BEGIN Material supplied
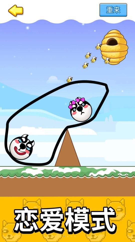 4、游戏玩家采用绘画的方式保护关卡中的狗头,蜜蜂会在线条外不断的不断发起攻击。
END Material supplied
BEGIN Material supplied
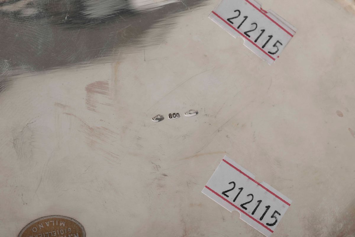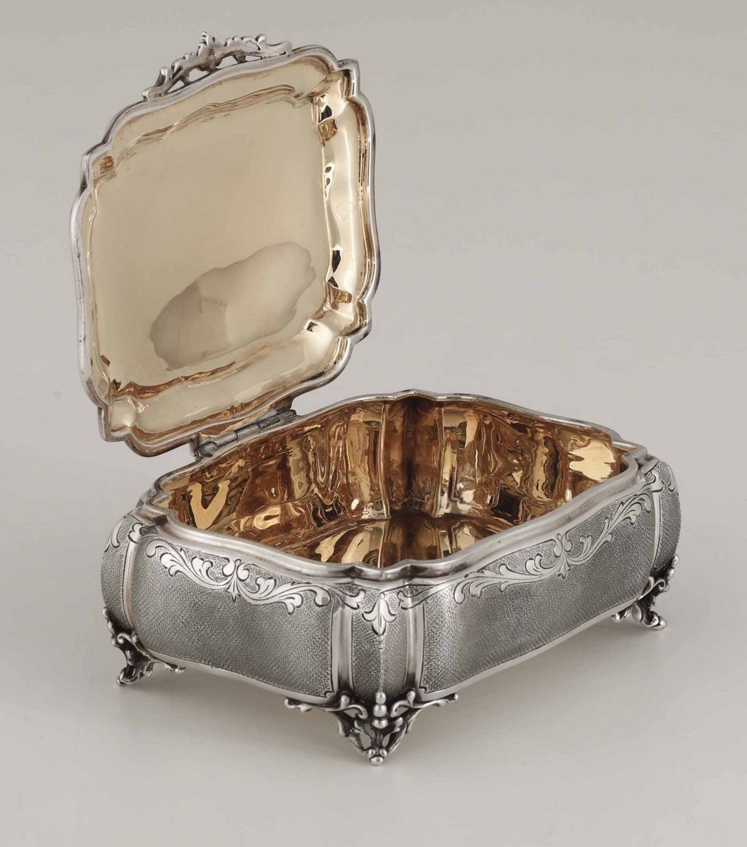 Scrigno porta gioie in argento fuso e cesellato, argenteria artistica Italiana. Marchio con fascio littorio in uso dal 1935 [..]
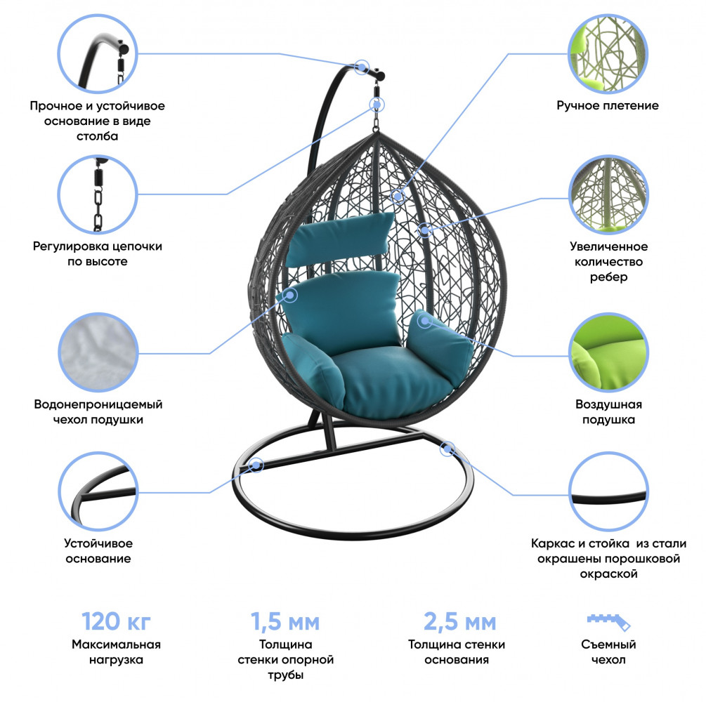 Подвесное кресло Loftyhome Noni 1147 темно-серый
END Material supplied
» **Task brief**
The lines above from the line with "Scrigno porta gioie" through the line with "Подвесное кресло Loftyhome" are to be given again word for word, with no pictures among them.

» **Response below**
 Scrigno porta gioie in argento fuso e cesellato, argenteria artistica Italiana. Marchio con fascio littorio in uso dal 1935 [..]
 Подвесное кресло Loftyhome Noni 1147 темно-серый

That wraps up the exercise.